WTO talks on harmful subsidies look set for 2021 continuation

World Trade Organization members will be consulted in the coming days on what next steps to take for the fisheries subsidies negotiations in the lead-up to the General Council meeting in mid-December, according to Santiago Wills, the chair of the talks, who serves as Colombia’s ambassador to the WTO.

Wills met with other heads of delegations this week to gather views on key issues concerning illegal, unreported, and unregulated (IUU) fishing; overcapacity and overfishing; and special and differential treatment for developing countries. He will meet the delegations again in mid-December, but it appears unlikely at this point that a deal will be done by the end of year, a deadline the WTO set in 2019.

Several ambassadors to the Geneva, Switzerland-based WTO provided drafting suggestions at the meeting, according to a delegate who spoke to SeafoodSource. That delegate expects talks to continue into next year, but said arriving at an agreement will “be a tough slog,” citing wide divergences in positions still remaining despite more than a year of on-and-off negotiations, complicated by the coronavirus.

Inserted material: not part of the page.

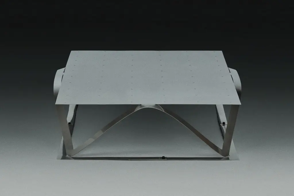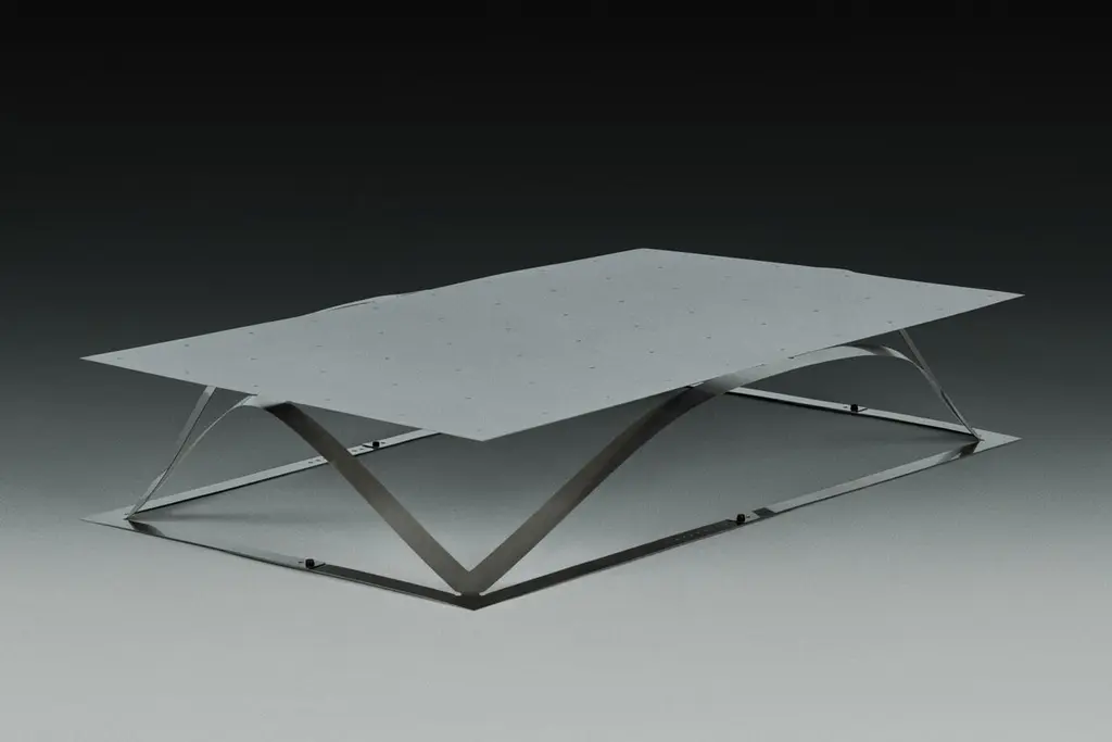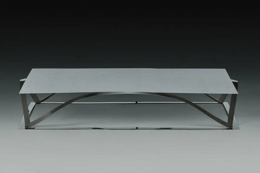 Folio Coffee Table by Kutarq StudioMaterials: Stainless steel.Dimensions: D 99 x W 22 x H 23 cmThe FOLIO coffee table explores the physical properties of steel, taking on the visual appearance of bent paper.Planar laser-cuts render a 2D sheet of metal into 3D tensioned and transformed functional furnishing elements.The sculptural design is adaptable, owing entirely to the innate material properties it harness and accentuates. Depending on the position of the screws, the height of the tabletop can be adjusted. When the piece is not assembled, it's totally flat, and material waste is reduced to the minimum during the production.Leading KUTARQ studio, architect and designer Jordi López Aguiló designs lighting, objects and furniture with a unique and pragmatic perspective. Each project involves a methodical process that emphasizes both material and research. With the constant challenge of revealing the "soul" behind his objects, he offers their users not just an aesthetic piece but rather a design with personality and a life of its own. After spending time abroad collaborating with prestigious architecture firms in Paris and Copenhagen, he settled down in his home town Valencia where he's been leading his own studio since 2012. His work has been exhibited internationally, including at Milan Design Week, Frankfurt Light & Building, Neocon Chicago, Tokyo Design Week, Stockholm Furniture Fair, Paris Maison & Objet and Seoul Living Design Fair.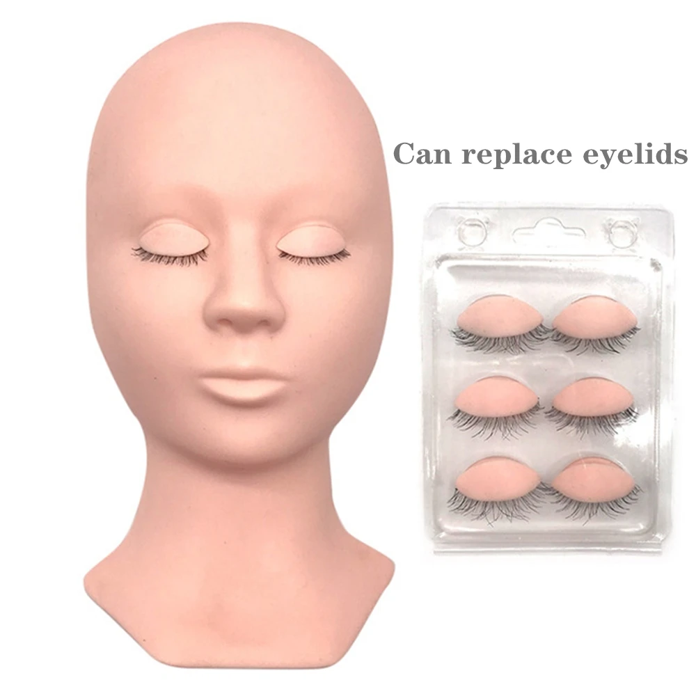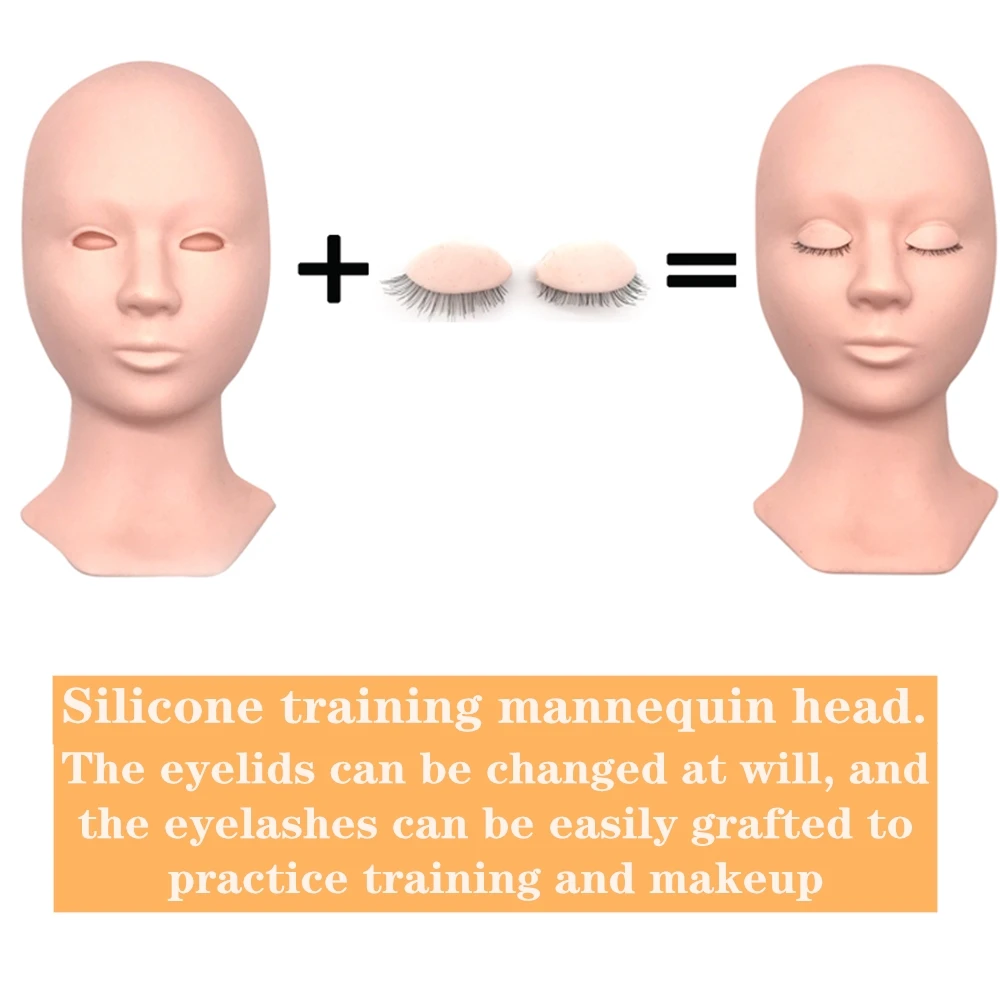 2Colors Mannequin Head Replacement Eyelids Soft Silicone Practice False Eyelash Extensions Makeup Model Massage Training Manikin

How authorities might be qualified to make IUU fishing determinations that would trigger a subsidy prohibition is among the trickiest of the remaining issues still being negotiated. Concerns have also been raised over possible conflicts that may arise if different authorities make opposing determinations of whether IUU has occurred or not.

Setting common standards for what constitutes IUU looks set to be another bone of contention. India had circulated a proposal for how a WTO dispute settlement panel may review IUU claims with respect to a coastal state's fisheries management determinations.

Delegations also appear divided on whether or not to allow WTO members to grant or maintain certain capacity-building subsidies if a member can demonstrate that fishery management measures are being implemented to maintain fish stocks at sustainable levels. The U.S., meanwhile, wants a capping mechanism to complement the existing overcapacity prohibitions in a draft text that negotiators have been working on.

That draft remains peppered with holding spaces where agreements remain to be achieved, including special and differential treatment (SDT) for developing nations’ fisheries subsidies. Those exemptions from subsidy bans currently include developing countries that meet certain fishing volume and income thresholds.